# Dubai's favourite building Round 1 nominations



## Face81 (Aug 24, 2004)

DarkBlueBoss said:


> ^^ too small, and its much better at night


you try finding one then! :tongue2:


----------



## Face81 (Aug 24, 2004)

city of the future said:


> The Gate


too tall..... Must be <= 8 floors.


----------



## Trances (May 19, 2003)

That building with the Waves on ( sorry for the lame discription) in between satwa and the entrance to the tunnel ?


----------



## DarkBlueBoss (Mar 3, 2005)

^^ the New Gold Souk Building, thats the one ur talking about , i personally dont like it at all


----------



## Jechtman (Aug 17, 2005)

THE GATE!!!


----------



## dubaiflo (Jan 3, 2005)

is taller than 8 Floors :bash:

DUBAI is it done now? first round?


----------



## Face81 (Aug 24, 2004)

I hope its not too late to add more buildings....

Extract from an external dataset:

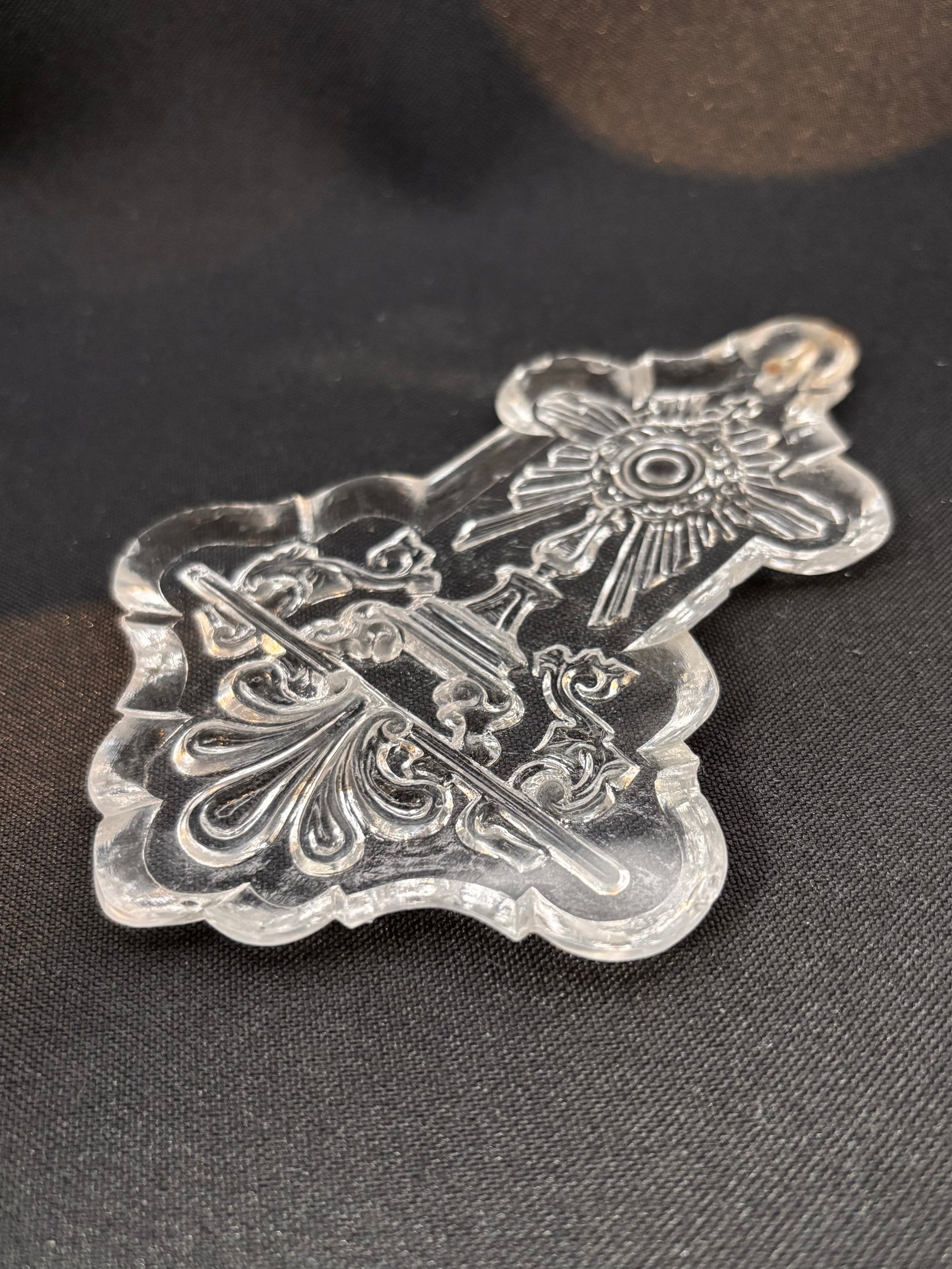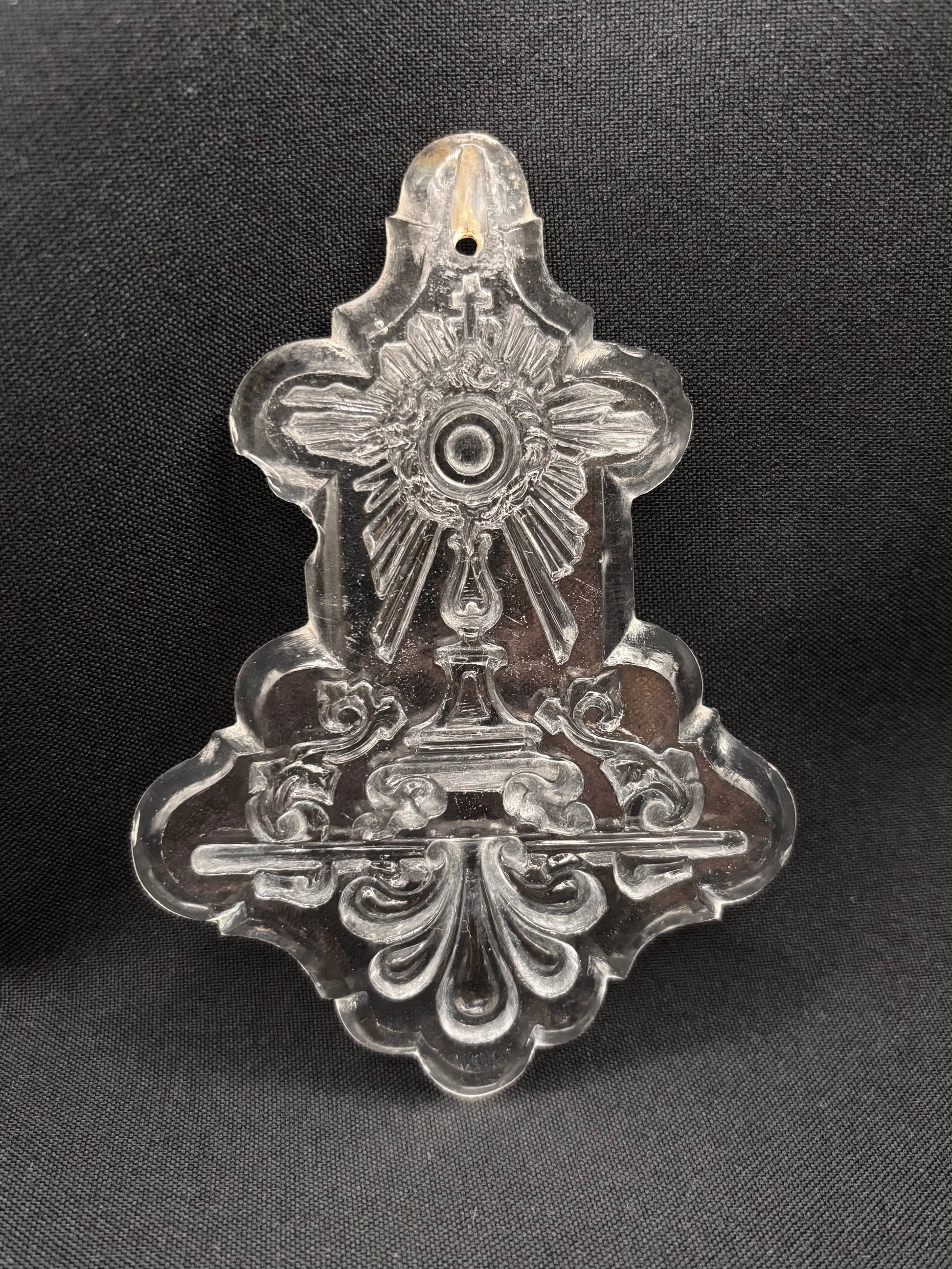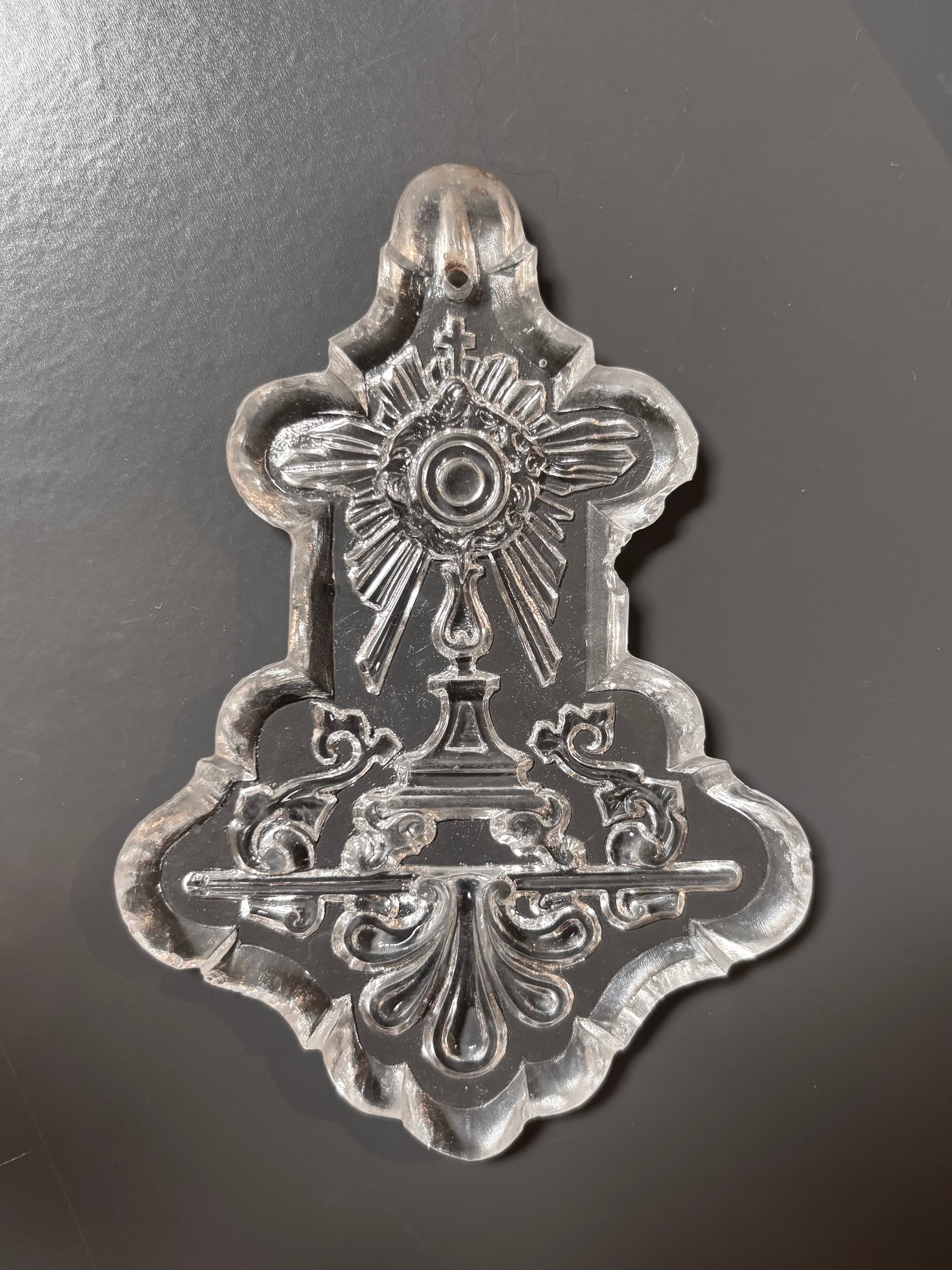Plendidly decorated plaquette bearing a monstrance on a candelabre, with beams at the top and at the lower bottom some scrolls and a palmet. The edges of the piece are cut in rounded facets. With light falling though the piece, the design is clearly highlighted. Look carefully, fine details are added to even create texture on the foliage and the candelabre.

Dubai Police HQ, Al Qussais, Dubai. This building is a stunner!!!! Why dont we have a thread for it. I saw it the other day and its 99% complete and it looks FANTASTIC! 

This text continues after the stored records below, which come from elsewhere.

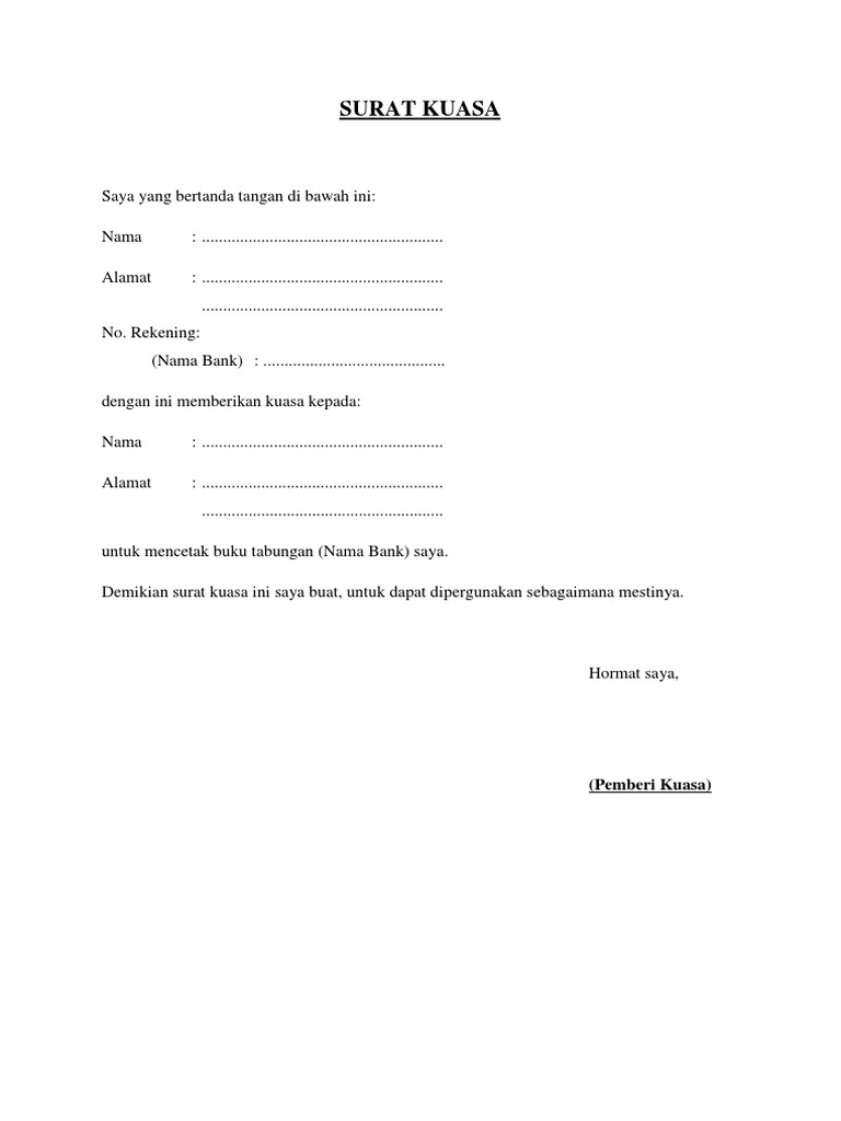29 Contoh Surat Kuasa Berbagai Keperluan Yang Baik Dan Benar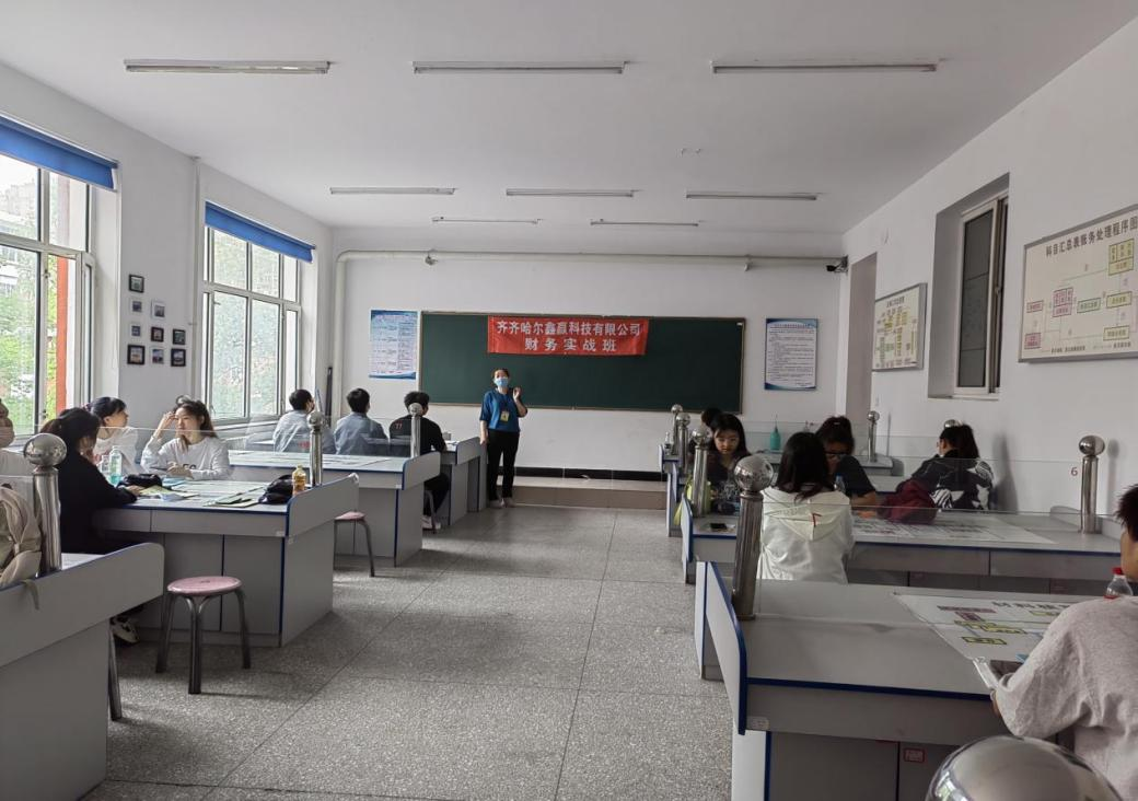 在会计手工账实训室成立齐齐哈尔鑫赢科技有限公司财务实战班,实习生为2021级的18名学生。在专业教师郑凤云的指导下,学生进行了出纳岗位整月业务处理的经济业务记账凭证登记。财务管理专业将企业的财务办公室搬到了实训室,学生在真实项目中学习、成长。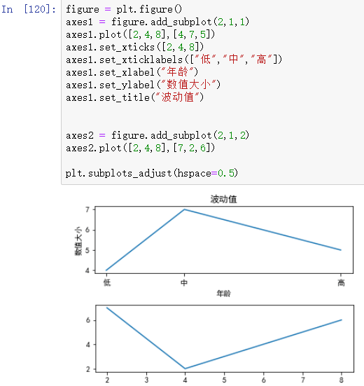 当一张figure画布上,有多个图形的时候,通过如下方式设置,除了通过plt对象外,我们还可以通过子绘图对象来设置与获取标签与刻度。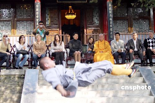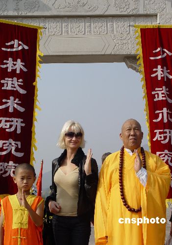 十月二十五日,俄羅斯美女體操明星霍爾金娜造訪嵩山少林寺。當日,以俄羅斯國家杜馬體育、運動和青年事務委員會副主席、中俄友好、和平與發(fā)展委員會俄方青年工作分委會副主席亞歷山德拉·布拉塔耶娃為團長的俄羅斯奧運冠軍代表團一行訪問嵩山少林寺。據(jù)悉,俄羅斯奧運冠軍代表團此次來訪是全國青聯(lián)為配合北京奧運會舉辦的體育交流項目,也是二00七年中俄友好、和平與發(fā)展委員會中俄雙方青年工作分委會框架內(nèi)重點交流活動之一。中新社發(fā) 李志全 攝

And the Dubai Airport Freezone has bunch of beautiful buildings as well. I found these old pics but there are SO MANY new buildings there that are WAY better than anything at the DIC. I was very impressed. Will try and get some pics soon.

Old render:









Old Pic:


----------



## DarkBlueBoss (Mar 3, 2005)

Face81 said:


> you try finding one then! :tongue2:












i think this is a better one :cheers:


----------



## Face81 (Aug 24, 2004)

fine, its alot better.


----------



## DarkBlueBoss (Mar 3, 2005)

^^ :cheers: :cheers:


----------



## Face81 (Aug 24, 2004)

got anybetter ones of the police station i am talking about?


----------